Acórdãos

Tribunal de Última Instância

    • Data da Decisão Número Espécie Texto integral
    • 11/03/2022 8/2022 Recurso em processo penal
    • Assunto

      Crime de “tráfico ilícito de estupefacientes”.
      Erro notório na apreciação da prova.
      Contradição insanável da fundamentação.
      Tentativa.
      Declaração de perda de objectos.
      Pressupostos.
      (Requalificação jurídico-penal).

      Sumário

      1. O crime de “tráfico ilícito de estupefacientes” reconduz-se à categoria dos designados “crimes de perigo abstracto” e “de perigo comum”.

      Nos “crimes de perigo abstracto”, a Lei basta-se com a aptidão (genérica) de determinadas condutas para constituírem um perigo que atinja determinados bens e valores, baseando-se na suposição legal de que determinados comportamentos são geralmente perigosos para esses bens e valores.

      Por sua vez, fala-se em “crime de perigo comum” face à multiplicidade de bens jurídicos que se pretende salvaguardar.

      No caso, a “saúde pública”, como bem jurídico complexo que primacialmente visa proteger “bens jurídicos pessoais”, como a integridade física e a vida dos consumidores, tutelando também valores como a tranquilidade, a liberdade individual e a estabilidade familiar.

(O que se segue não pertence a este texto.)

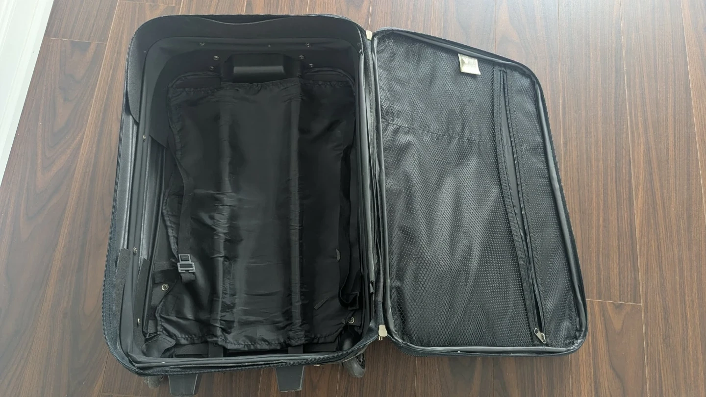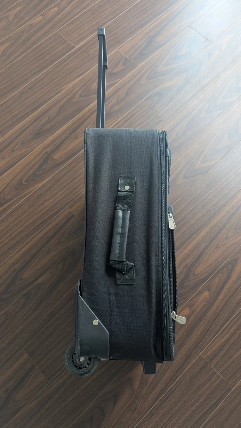 Black fabric rolling suitcase by Cambridge. It has a telescopic handle and wheels for easy transport. Interior has tie-down straps and zippered compartments.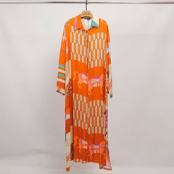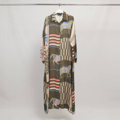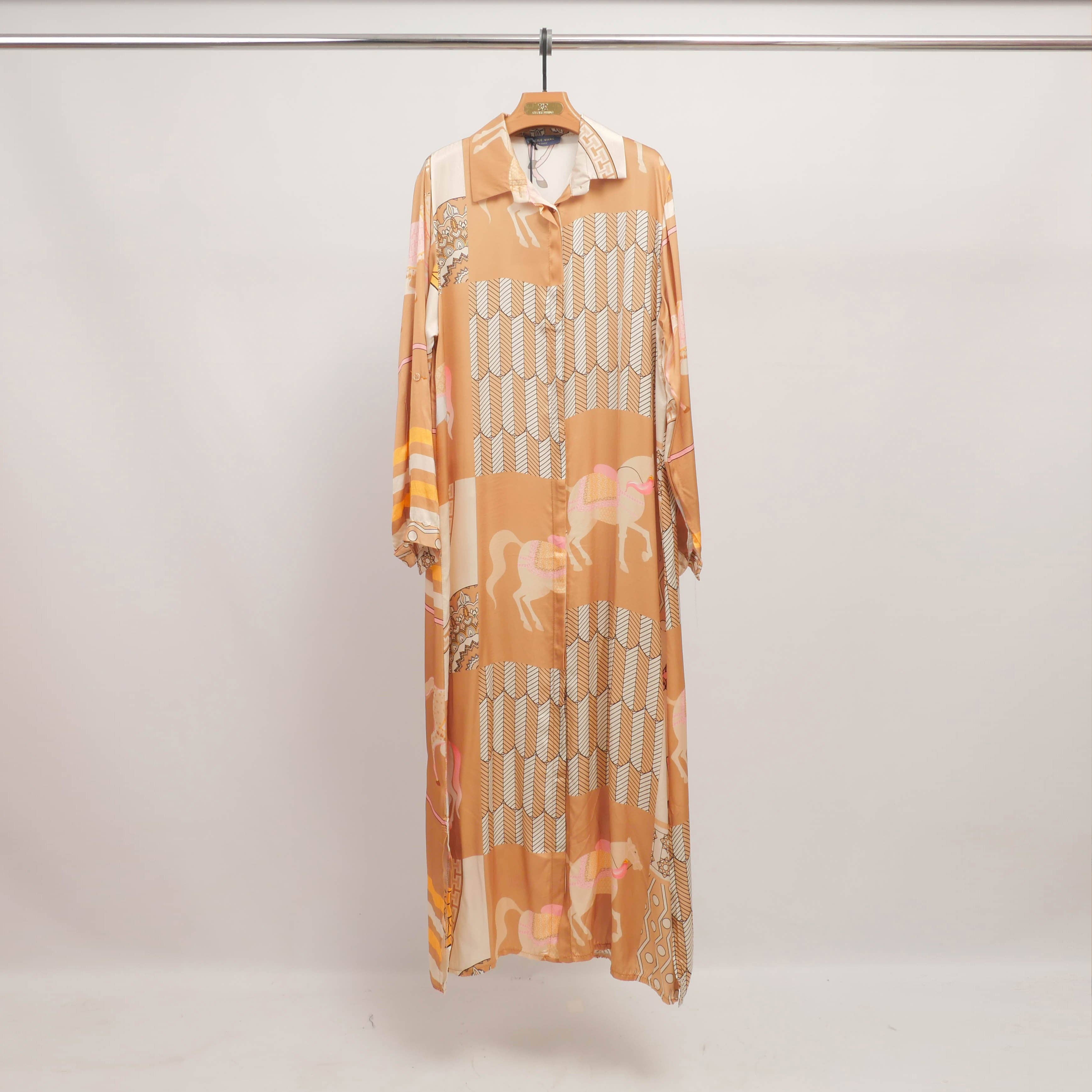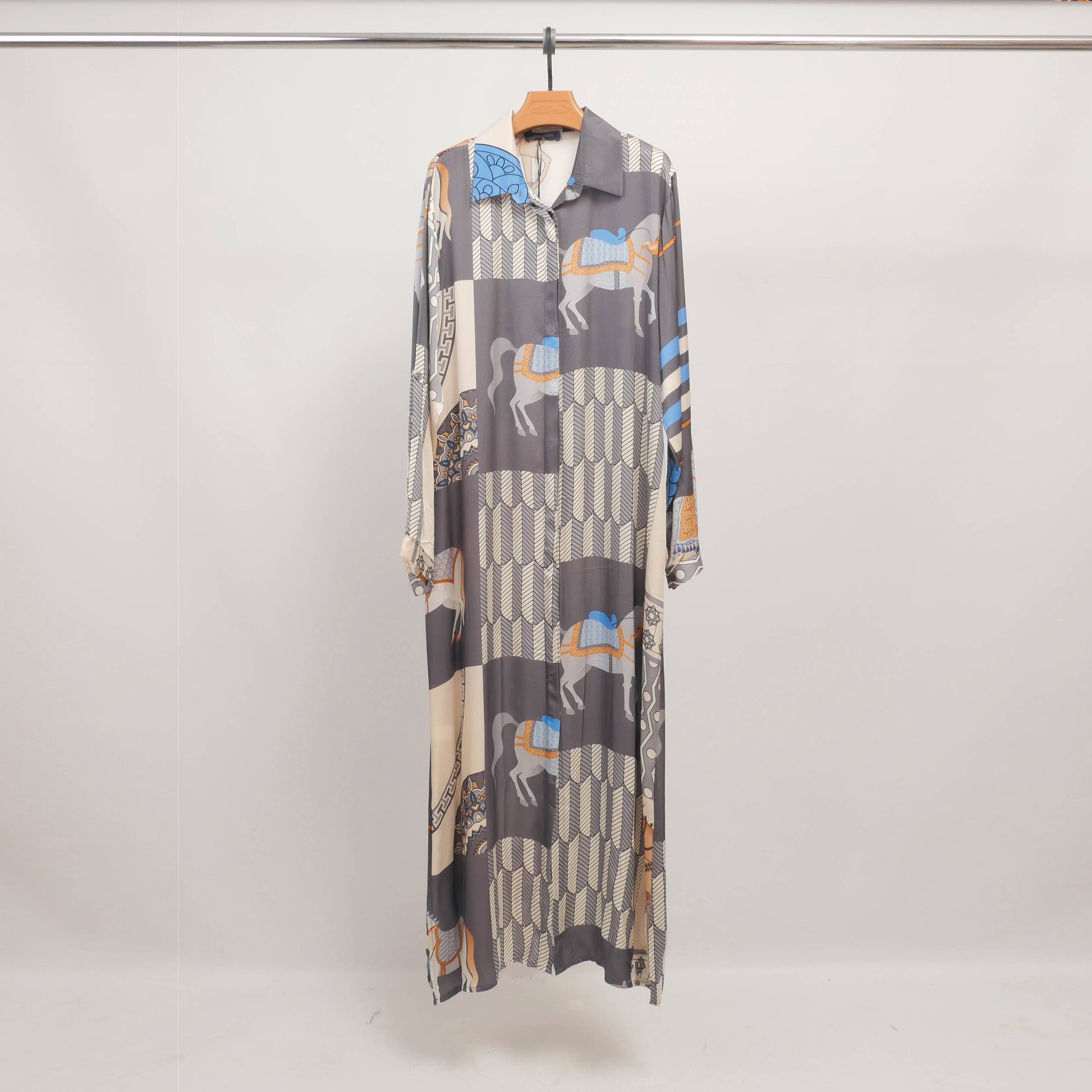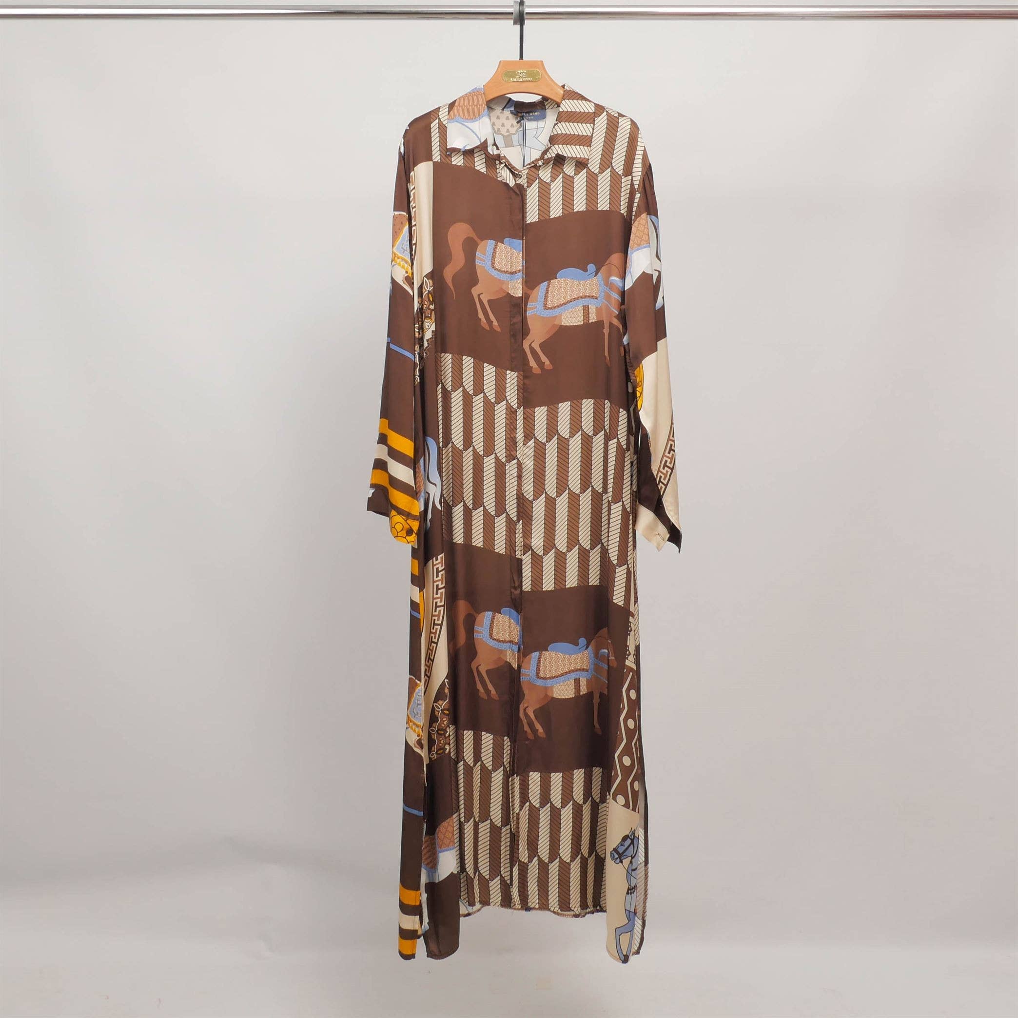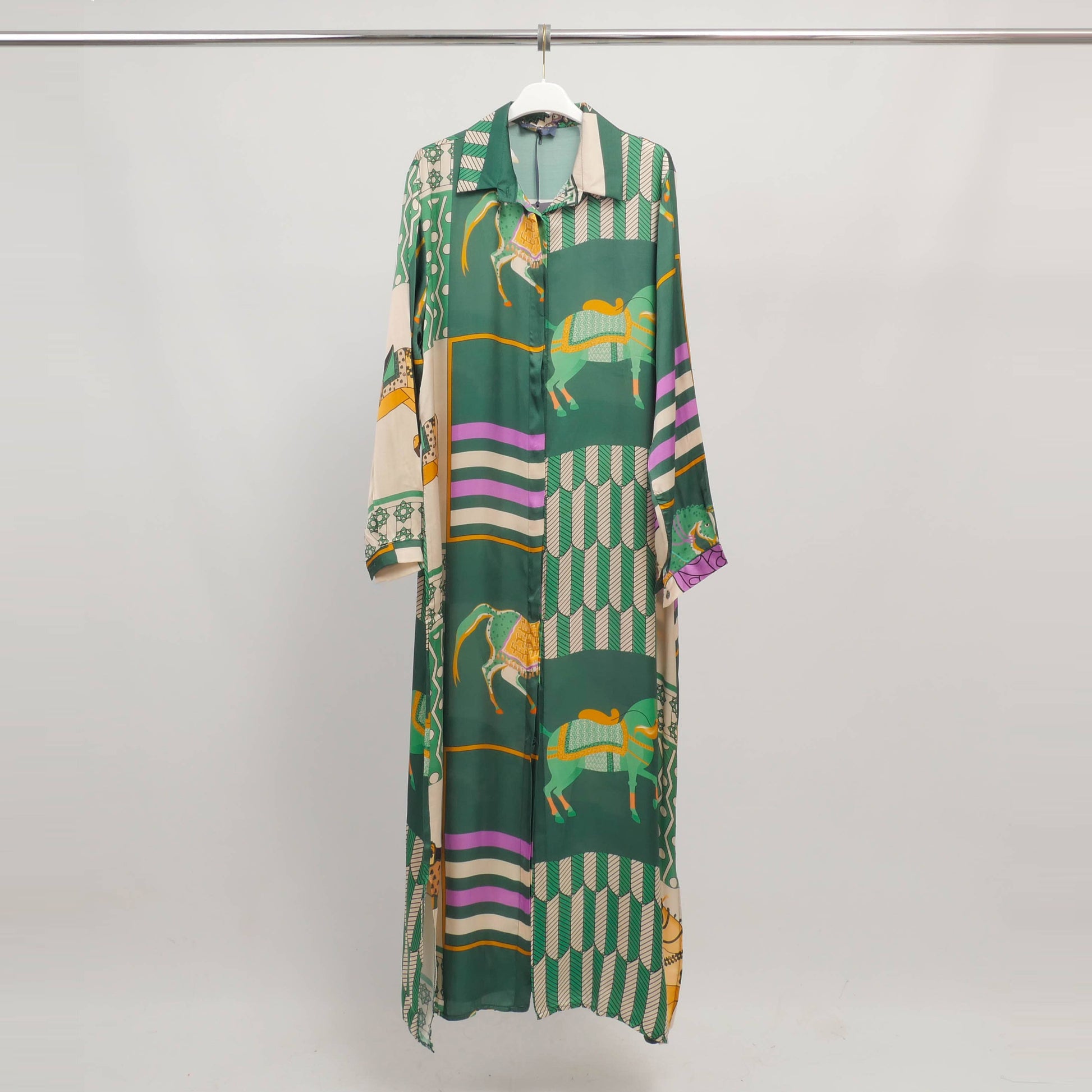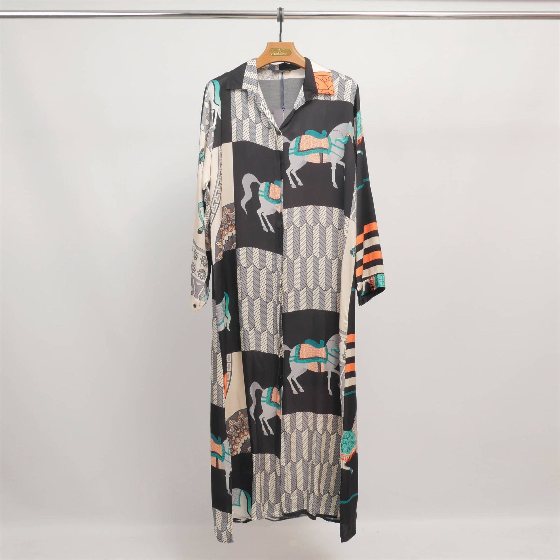 A fluid and radiant piece that embodies casual elegance. This long dress with a horse print combines graphic refinement and bohemian flair, with its contrasting color blocks and revisited oriental details. It features a loose straight cut, long sleeves, and a shirt collar for a sleek and comfortable silhouette. Its airy and slightly satin material provides a soft drape, ideal for sunny days. Wear it belted for a more structured look or flowing for a free and confident style.

      2. Qualificam-se, outrossim, como tipos de ilícito “exauridos”, “excutidos” ou de “empreendimento”, e em relação aos quais se considera que o “resultado típico” alcança-se logo com o que normalmente configura a realização inicial do iter criminis, (uma mera tentativa), precisamente porque, já aí, antes de se verificar qualquer lesão efectiva, verificado – consumado – está o perigo dessa lesão.

      A tutela penal é, deste modo, antecipada, sendo, assim, o crime de “tráfico ilícito de estupefacientes” punido como um “processo”, e não, apenas, como o “resultado de um processo”.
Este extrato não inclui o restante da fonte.